(TASK DETAILS) When you copy from the entries that follow, take only the lines from the one with "Cassa in tre" down to the one with "2-USB2.0(背面、オプション) ※2 |", keeping both ends and dropping every picture.

(GIVEN RECORDS)
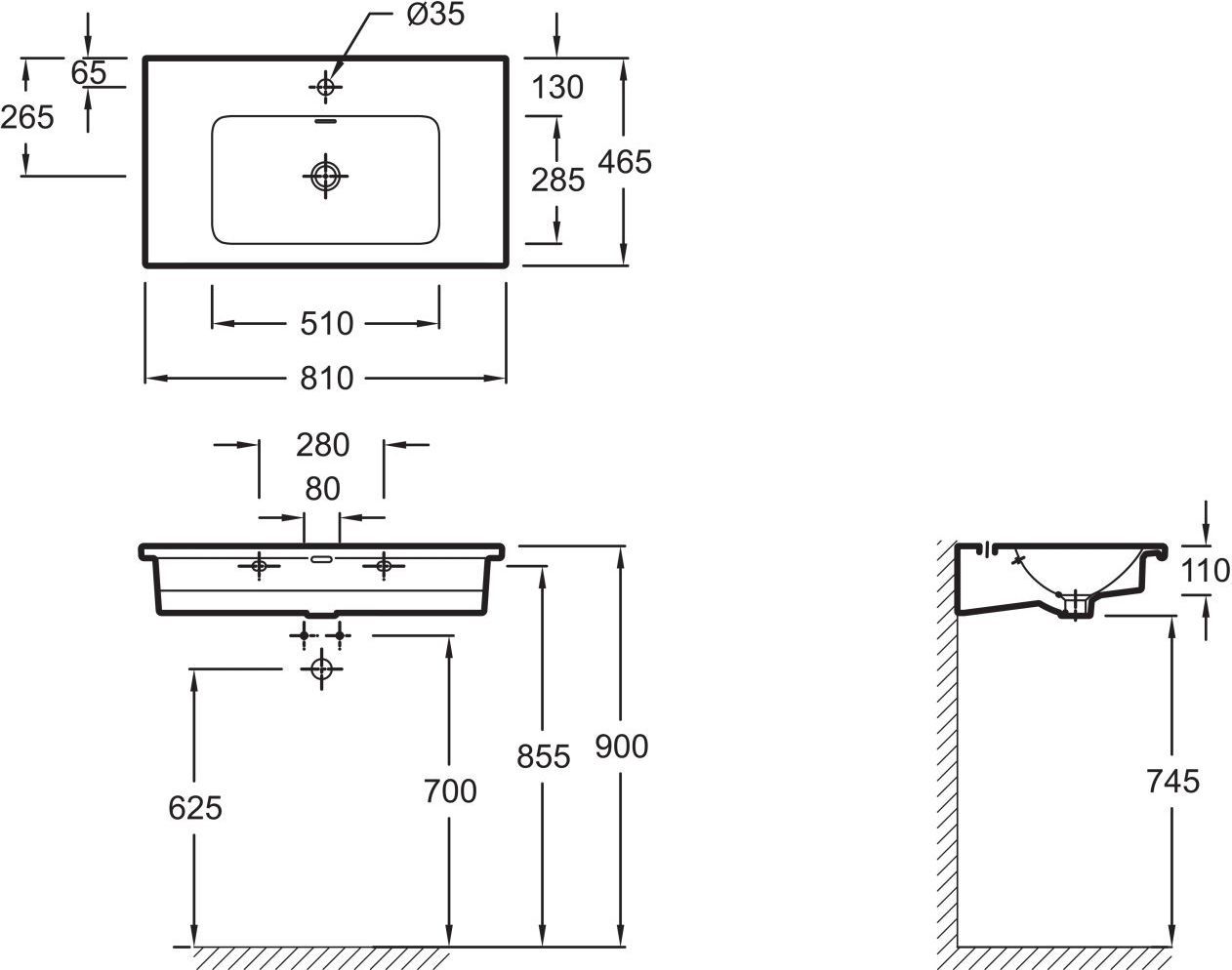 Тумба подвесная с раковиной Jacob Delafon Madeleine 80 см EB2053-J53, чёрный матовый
--
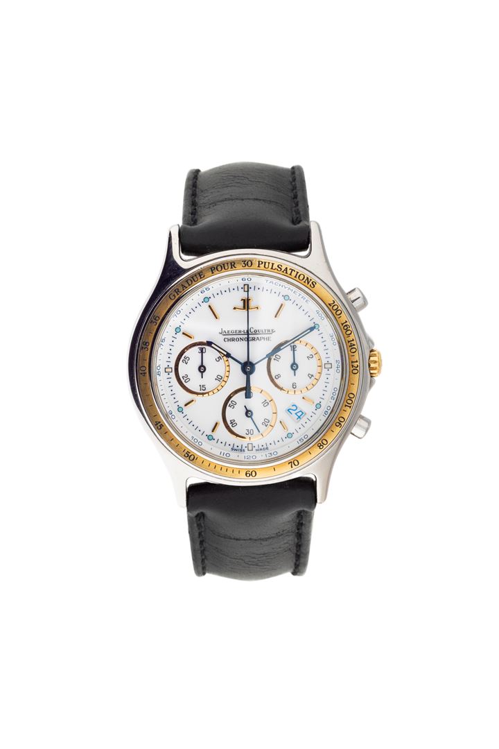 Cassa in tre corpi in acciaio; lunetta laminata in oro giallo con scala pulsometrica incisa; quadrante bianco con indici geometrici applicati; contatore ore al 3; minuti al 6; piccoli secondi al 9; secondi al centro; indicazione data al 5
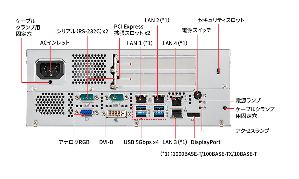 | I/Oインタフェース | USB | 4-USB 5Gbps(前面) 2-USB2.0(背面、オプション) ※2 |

(ANSWER BOX)
 Cassa in tre corpi in acciaio; lunetta laminata in oro giallo con scala pulsometrica incisa; quadrante bianco con indici geometrici applicati; contatore ore al 3; minuti al 6; piccoli secondi al 9; secondi al centro; indicazione data al 5
 | I/Oインタフェース | USB | 4-USB 5Gbps(前面) 2-USB2.0(背面、オプション) ※2 |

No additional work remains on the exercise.